Weight of each stock in minimum variance portfolio : Consider two stocks, Stock D, with an expected return of 10 percent and a standard deviation of 25 percent, and Stock I, an international company, with an expected return of 8 percent and a standard deviation of 18 percent. The correlation between th..
Compute the crossover rate : XYZ Airways is considering two mutually exclusive projects, Project A and Project B. The projects have the following cash flows: Year Project A Project B 0 -$42,000 -$45,000 1 14,000 28,000 2 14,000 12,000 3 14,000 10,000 4 14,000 10,000 5 14,000 10,..

Reviews

Write a Review

Financial Management Questions & Answers

  How much can you withdraw from your retirement savings

You retire at age 60 and expect to live another 24 years. On the day you retire, you have $434,900 in your retirement savings account. You are conservative and expect to earn 4.25% on your money during your retirement. How much can you withdraw from ..

  Explain the options for receiving the money

Most states have turned to the lottery to raise money for education and other state financing needs. Determine the largest payout for the state in which you reside. Explain the options for receiving the money and select the method you would choose. P..

  Cash flows for two mutally exclusive projects

Below are the cash flows for two mutally exclusive projects. Draw NPV profiles for both projects on the same plane. Which project would you choose if the opportunity cost of capital is 2%? Which project would you choose if the opportunity cost of cap..

  What is the firm horizon or continuing value

A florist recently paid a dividend, D0, of $1.25. It expects to have nonconstant growth of 20% for 2 years followed by a constant rate of 9% thereafter. The company's required return is 19%. What is the firm's horizon, or continuing, value? What is t..

  What is the maximum number of pro cut rafters

What is the maximum number of pro cut rafters that can be produced using one saw in a 40-min hour when labor supply is unlimited?

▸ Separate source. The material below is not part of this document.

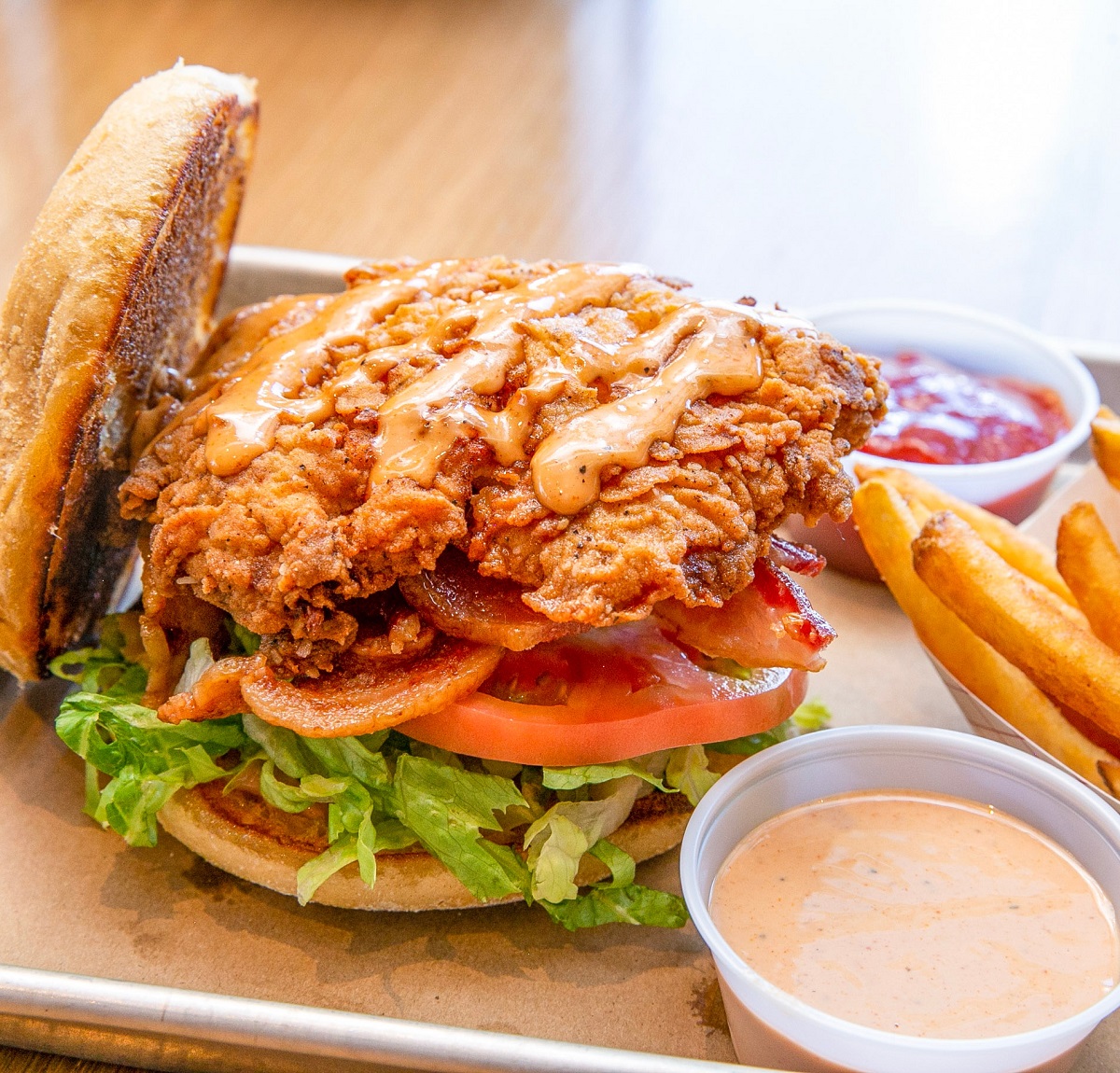 You can pick your protein—breaded chicken, grilled chicken, or fried cauliflower—for a variety of sandwiches including the Soul Bird with house-cut pickles on a toasted brioche bun. The Shack features your choice of protein with a fried egg, applewood smoked bacon, crisp greens, and tomato on a toasted brioche bun.

  Did any of these mergers result in international expansion

Discuss any mergers and acquisitions Kohl's has made of other firm. Did any of these mergers result in international expansion? Were these mergers successful, why or why not?

  If tax is levied on the output of competitive firm

If a tax is levied on the output of a competitive firm, the firm acts as though

  Issue new stock to finance its capital budget

Assume that you are on the financial staff of Vanderheiden Inc., and you have collected the following data: The yield on the company's outstanding bonds is 7.75%, its tax rate is 40%, the next expected dividend is $0.65 a share, What is the firm's WA..

  Why do pension funds have vesting periods

Why do pension funds have vesting periods? Do vesting periods have any advantages to employees relative to a system where new hires are eligible to participate in a pension plan right away?

  Coupon paid semi annually bond

Three years ago, Joe bought a 5-year, 10% coupon paid semi annually bond for $1000. Currently, with interest rates having risen sharply, the bond is selling for $800 and you decide to sell it off. If you had re-invested the semi-annual coupons as you..

  Calculate the macrs depreciation schedule

Calculate the MACRS depreciation schedule for a milling machine that costs $47,500 and has installation and shipping costs of $2,500.

  The primary function of financial markets

The primary function of financial markets is to:

Free Assignment Quote

Assured A++ Grade

Get guaranteed satisfaction & time on delivery in every assignment order you paid with us! We ensure premium quality solution document along with free turntin report!